Francesca, er ist ein Charmeur, das ist doch offensichtlich. Ich bin mir
sicher, dass es seinetwegen in Philadelphia viele gebrochene Herzen gibt.«
»Das glaube ich nicht«, widersprach Francesca in eindringlichem
Ton. »Ich weiß sogar aus erster Hand, dass er in keine Frau verliebt ist.«
»Du hast ihn danach gefragt?«, fragte Sarah
bestürzt.
Francesca nickte und lächelte durchtrieben.
»Francesca, bitte unterlasse das! Ich weiß, du meinst es gut, aber
du tust mir damit wirklich keinen Gefallen! Ich interessiere mich nur für
meine Kunst. Und ich werde mich bestimmt nicht zum Narren machen, indem ich
einem Mann wie ihm nachlaufe. Es ist doch verrückt, zu glauben, dass er mich
überhaupt als Frau wahrnimmt.

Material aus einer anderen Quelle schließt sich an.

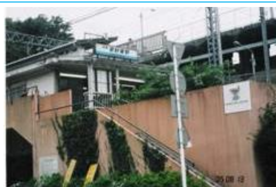
No42. 安針塚駅 20050813 (土) 13:45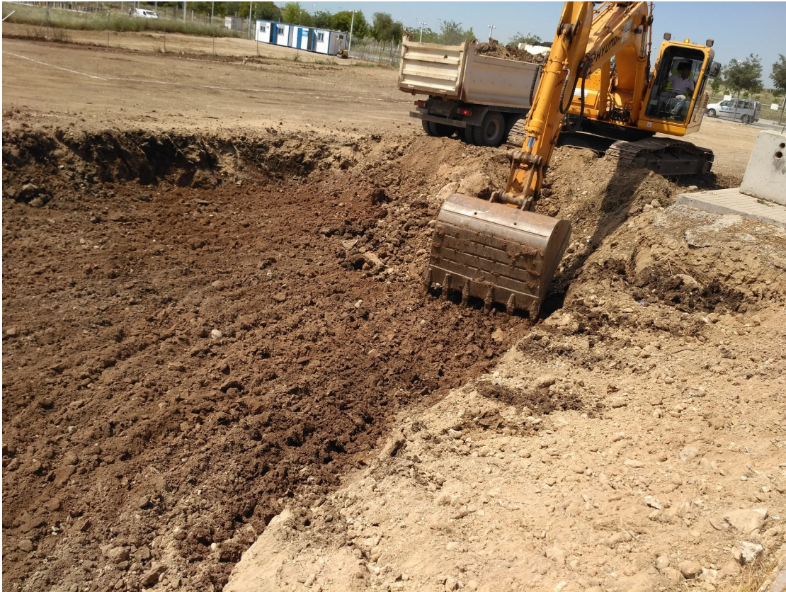
Lámina 1 : Rebaje inicial del terreno.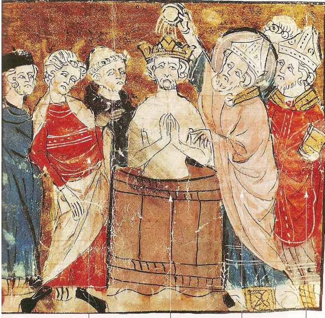
Le baptême de Clovis, enluminure, XIV ème siècle

3) Décris ce baptême. A quoi reconnaît-on Clovis ? A quoi reconnaît-on Saint-Rémi ?

Also, könnten wir jetzt bitte endlich anfangen?«
Es war, als redete man gegen eine Wand. Francesca ließ das Thema
vorerst ruhen, gab jedoch keineswegs auf, sondern begann insgeheim einen Plan
zu schmieden.
Er stand vor dem Frisiertisch aus Kirschholz und blickte in den
Spiegel, um seine Fliege zu binden. Von dem Ankleideraum aus hörte er Katies
leise Stimme und Dots fröhliches Kichern. Die Mädchen spielten mit zwei neuen
Puppen, die Leigh Anne ihnen erst kürzlich gekauft hatte.